By now many people have written recent scripts using the new definition and parser. There is [alas] no way to make us all happy.

Here's a thought: when function definitions change, change the function name.

Re: Mixed percentage & numeric color coordinates

Posted: 2015-08-01T15:30:51-07:00
by fmw42
zweibieren wrote:THIS IS NOT an enhancement request. Imagemagick got broken at some point. My old script used hsl(degree, number, number). It worked fine. When I try to use it now, IT FAILS. See the documentation http://www.imagemagick.org/MagickStudio/Color.html.
This was intentionally changed a long time ago, since mixed notation did not seem to be reasonable or consistent. The current documentation at http://www.imagemagick.org/script/color.php, says:

"Prior to ImageMagick 6.5.6-6, HSL (HSB) could only be specified with Hue in range 0—360, but Saturation and Lightness (Brightness) as percent in range 0—100%."

In the changelog at http://www.imagemagick.org/script/changelog.php, it shows:

2009-09-25 6.5.6-6 Cristy <quetzlzacatenango@image...>
Permit percentage of hue for HSL (e.g. hsl(12%,...)).

2009-09-25 6.5.6-5 Cristy <quetzlzacatenango@image...>
Permit non-percentage HSL colors (e.g. hsl(12.6316,134.58339,219.00012)).

2009-09-22 6.5.6-4 Cristy <quetzlzacatenango@image...>
Hue in hsl() format is 0-360 and does not use %.


What I do in my scripts is put in version traps, so my users can have it either way, depending upon the version of IM they are running. My scripts have lots of these version traps for most everything that has changed over time.

I am not sure why the docs at http://www.imagemagick.org/MagickStudio/Color.html have not been changed to reflect this notation change, unless MagickStudio is still running the old convention.

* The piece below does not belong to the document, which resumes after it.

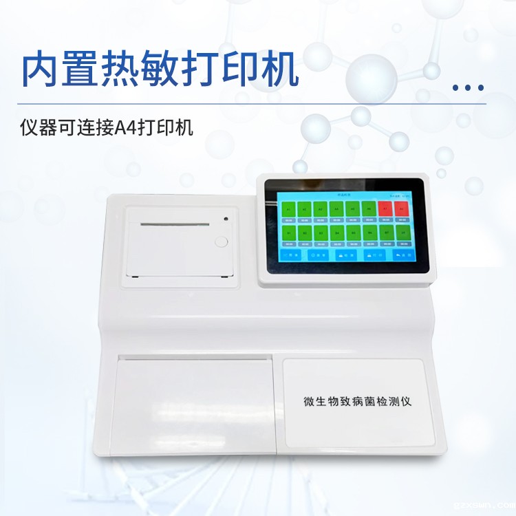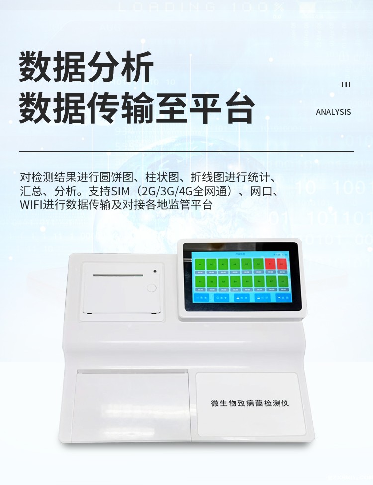 25、打印功能:内置热敏打印机,可通过USB B型外链打印机,单条或多条数据合并打印,可打印检测结果检测报告可打印检测项目、样品名称、检测结果、结果判断、检测日期 、检测单位、检验人员、被检测单位等信息;USB B型接口可连接A4打印机打印结果

I do take note of the original poster's comments about CSS standard is hue 0-360, but saturation and lightness is percent (only?). I would leave that to the IM developers to decide if they want to switch (back) to that format. The only way I can see to have it both ways, is to require % on each field where it is desired rather than just one % for any field means all fields are percent. This could be limited only to HSL and HSB color definitions, if desired or to RGB and CMYK as well. Or they could implement a new color representation, such as hslc/hsbc and hslac/hslbc to account for the CSS style convention, where c refers to the CSS style notation.

Nevertheless, any relevant script would still need to have version traps to account for all the changes in HSL/HSB color definitions.

Re: Mixed percentage & numeric color coordinates

Posted: 2015-08-01T16:11:40-07:00
by zweibieren
Thanks for a comprehensive reply. I am not glad, but at least heartened, to hear that the changes have had bigger impact on others than me.

Re: Mixed percentage & numeric color coordinates

Posted: 2015-08-15T09:08:07-07:00
by magick
ImageMagick does follow the CSS color standard so its a bug to treat the first value of a hsl() color as a percentage. We'll have a patch to fix the problem in ImageMagick 6.9.2-1 Beta by sometime tomorrow.